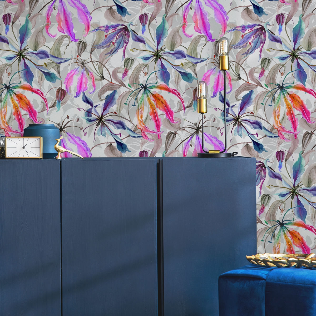 Introduce a burst of artistic elegance to your home with our Floral Wallpaper with Watercolor Glory Lilies. This stunning wall art features a captivating design of exotic flowers in vibrant shades of pink, purple, and blue, set against a subtle, light gray background. Perfect for creating a dramatic accent wall or transforming an entire room, this wallpaper brings a touch of modern botanical beauty to any interior design.
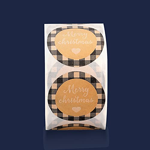 KINBOM 500 Pezzi 3.8cm Rotondi Buon Natale Adesivi Sigilli Etichette Rotolo per Biglietto, Regalo, Busta, Scatola, Borsa Decorazioni (Nero e Bianco Buffalo Plaid)
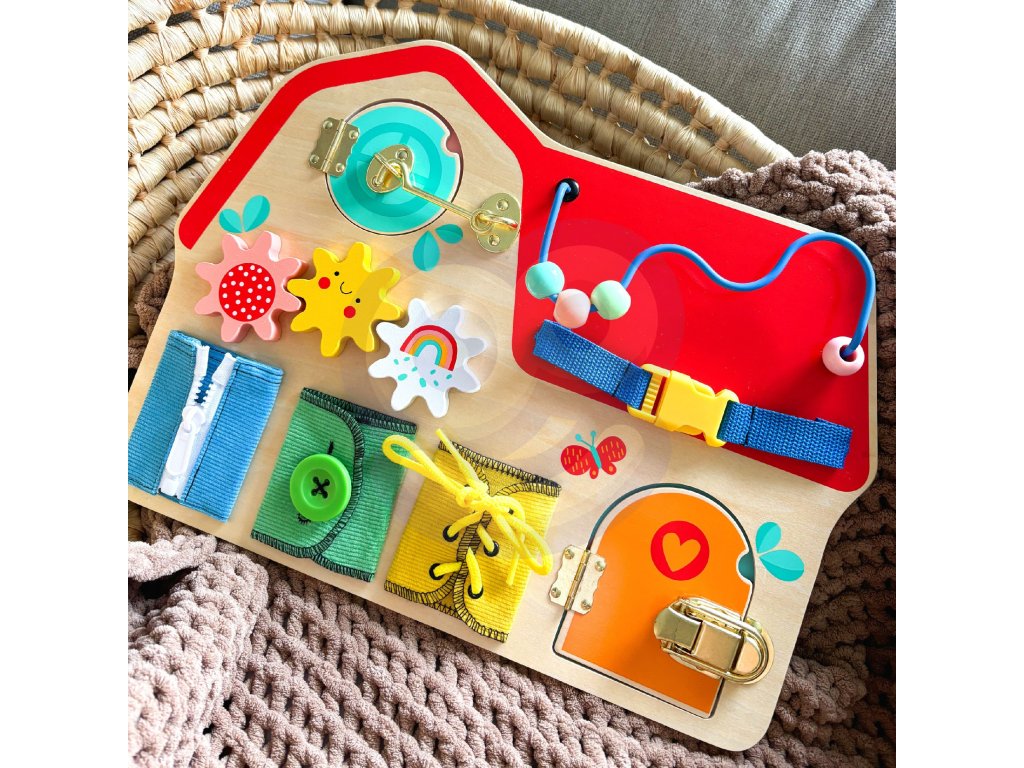 Otváranie a zatváranie rôznych zámkov a spojovací materiál nie je pre vaše dieťa ľahká úloha! Preto je fantastickýtabuľky značka Tooky Toy je hotovým riešením na získanie tejto zručnosti. Tabuľaskladá sa z drevenej dosky s dvoma zámkami, sponou, zipsom, gombíkom a šnúrky. Okrem toho je doska vybavená prevodmi a motorovou slučkou. Doska tvaruje nielenzákladné zručnosti, ale aj koordináciu oko-ruka a obratnosť prstov dieťaťa.
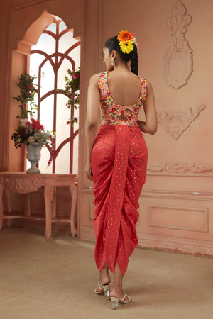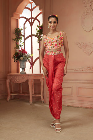• dhoti style drape trousers paired with bustier with floral embroidered resham thread paired with cape
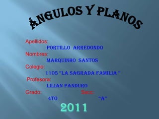 El documento proporciona información básica sobre un estudiante, incluyendo su nombre completo, el colegio al que asiste, el grado y la sección, y el nombre de su profesora.
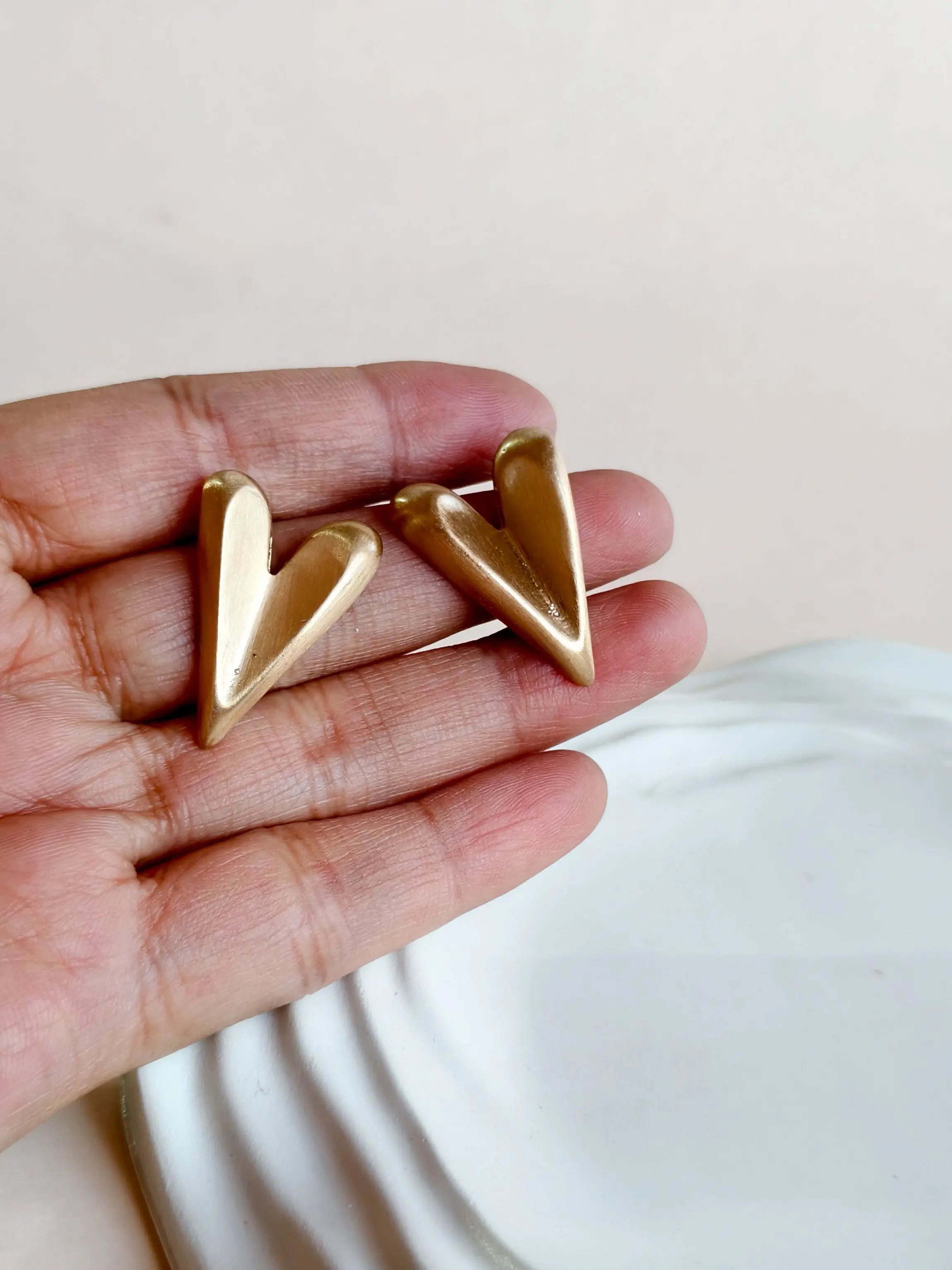Design Elements: Classic heart-shaped stud design with a smooth golden finish, symbolizing elegance and love.
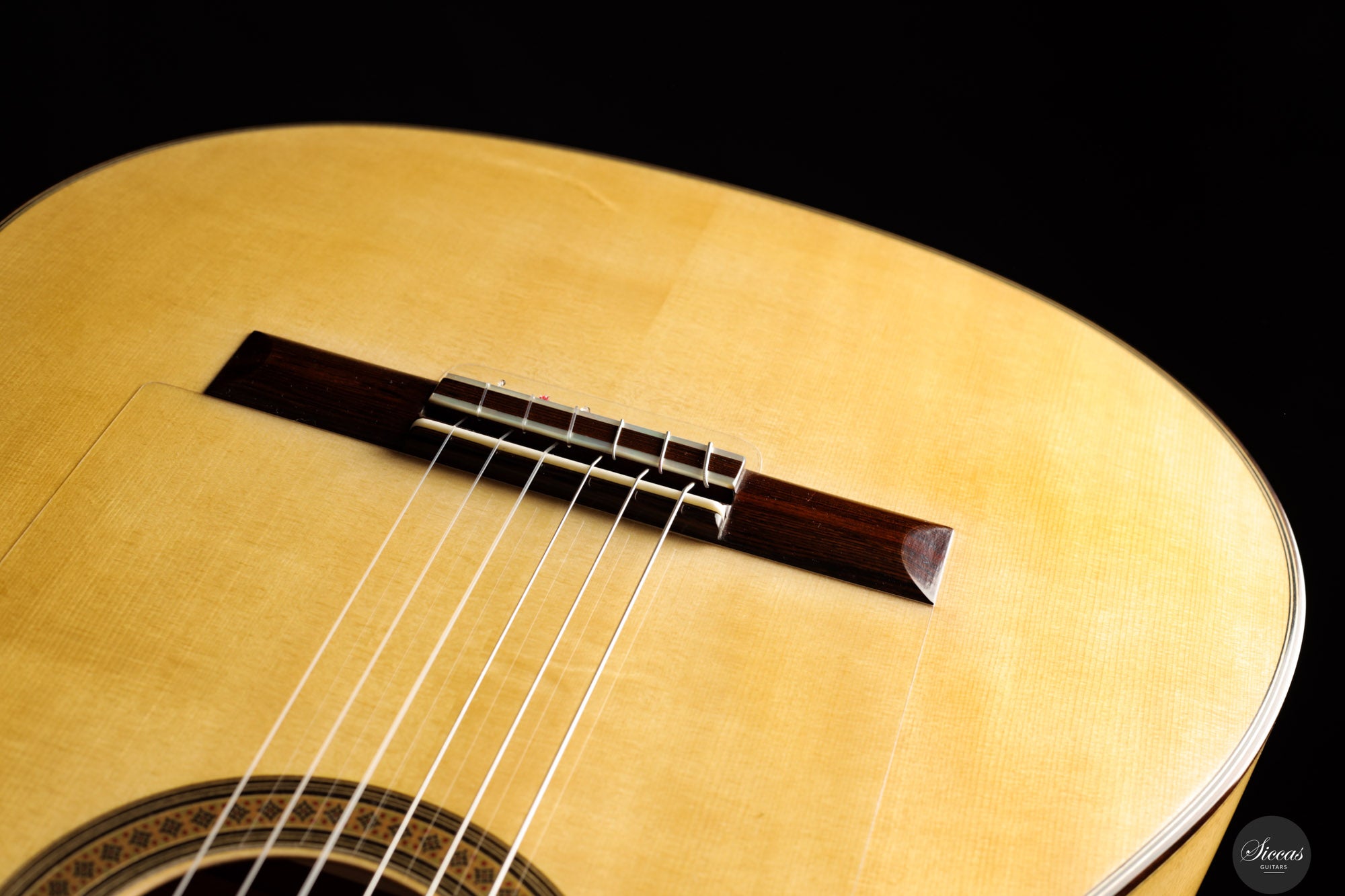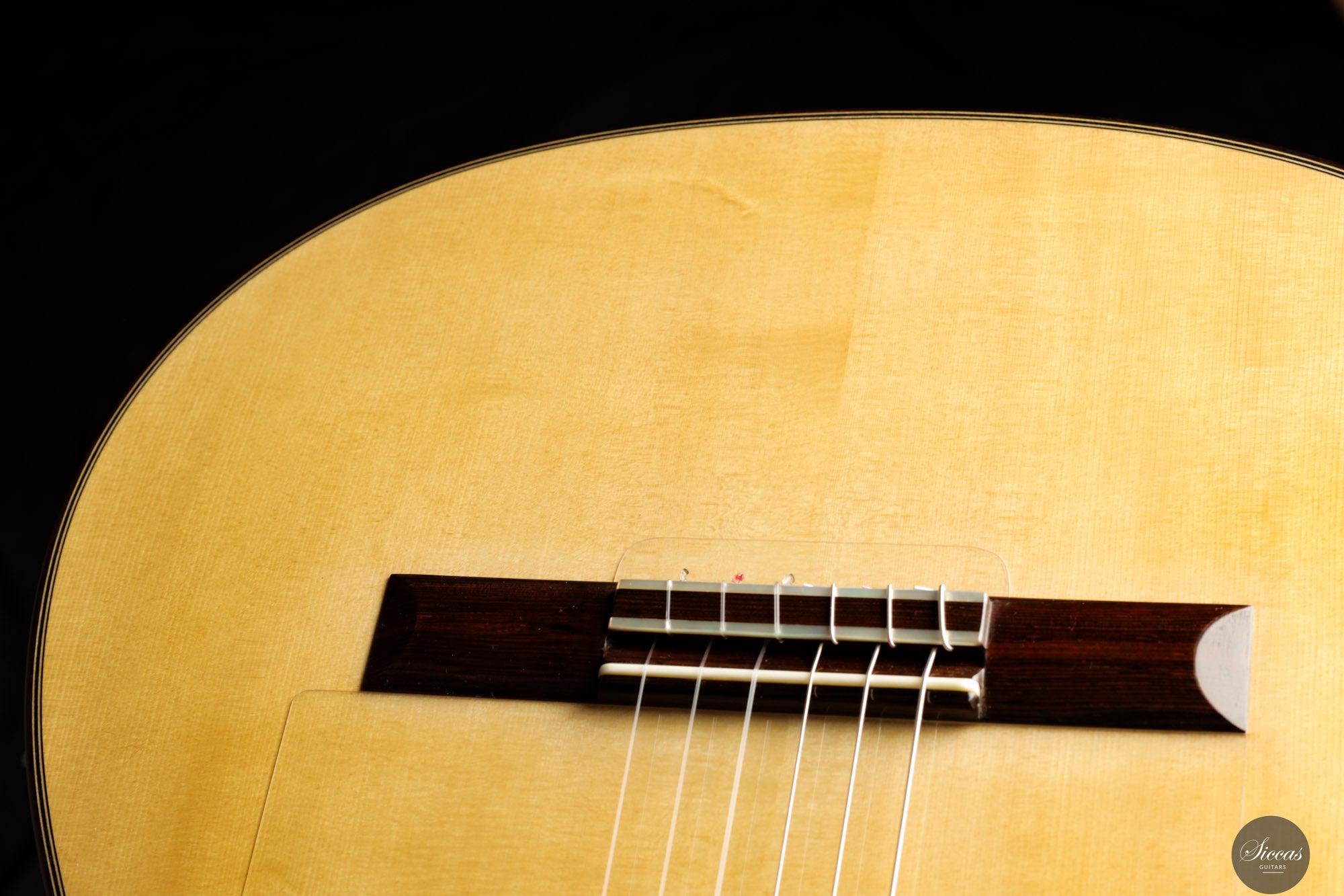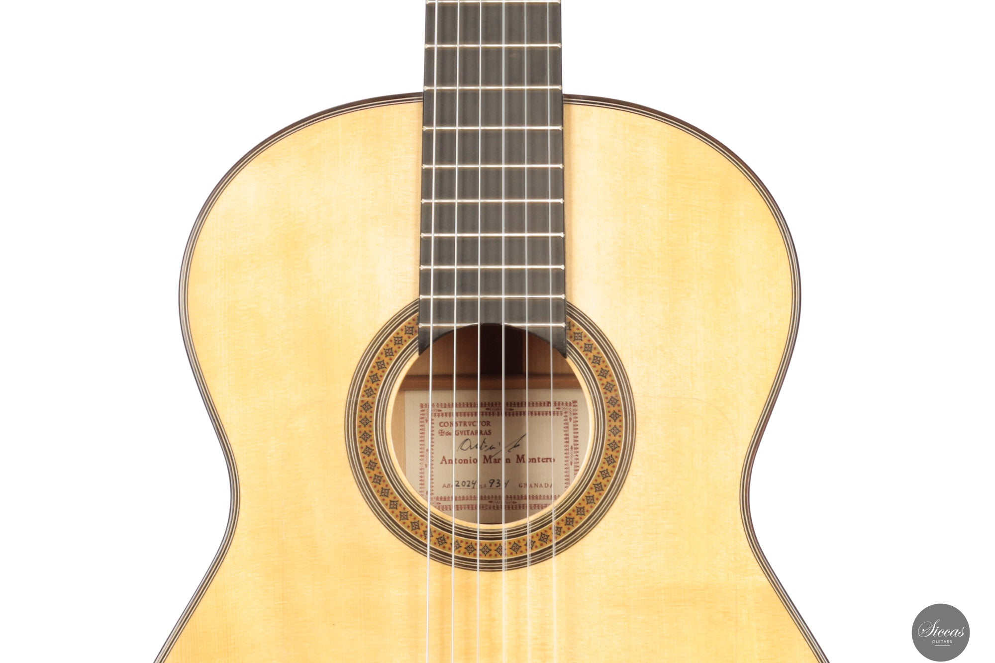 Antonio Marín Montero (b. 1933, Granada) is regarded as one of the most influential Spanish guitar makers of the 20th and 21st centuries. Deeply connected to the Granada school, he is also remembered for his collaboration with the French luthier Robert Bouchet, whose ideas he studied and refined. Over the course of his career, Marín built instruments that seamlessly bridged Spanish and French traditions, known for their clarity, projection, and refinement. His work has set standards for both classical and flamenco guitars, inspiring generations of luthiers. As one of the last living masters of Granada’s golden era of guitar making, Antonio Marín Montero’s instruments are now celebrated as modern benchmarks of craftsmanship and artistry.About the guitar:

- **Exercise prompt**:
Exactly restate the lines from the one holding "Design Elements: Classic" to the final line of the records above, including both and excluding pictures.

- **Reply to the exercise**:
Design Elements: Classic heart-shaped stud design with a smooth golden finish, symbolizing elegance and love.
 Antonio Marín Montero (b. 1933, Granada) is regarded as one of the most influential Spanish guitar makers of the 20th and 21st centuries. Deeply connected to the Granada school, he is also remembered for his collaboration with the French luthier Robert Bouchet, whose ideas he studied and refined. Over the course of his career, Marín built instruments that seamlessly bridged Spanish and French traditions, known for their clarity, projection, and refinement. His work has set standards for both classical and flamenco guitars, inspiring generations of luthiers. As one of the last living masters of Granada’s golden era of guitar making, Antonio Marín Montero’s instruments are now celebrated as modern benchmarks of craftsmanship and artistry.About the guitar:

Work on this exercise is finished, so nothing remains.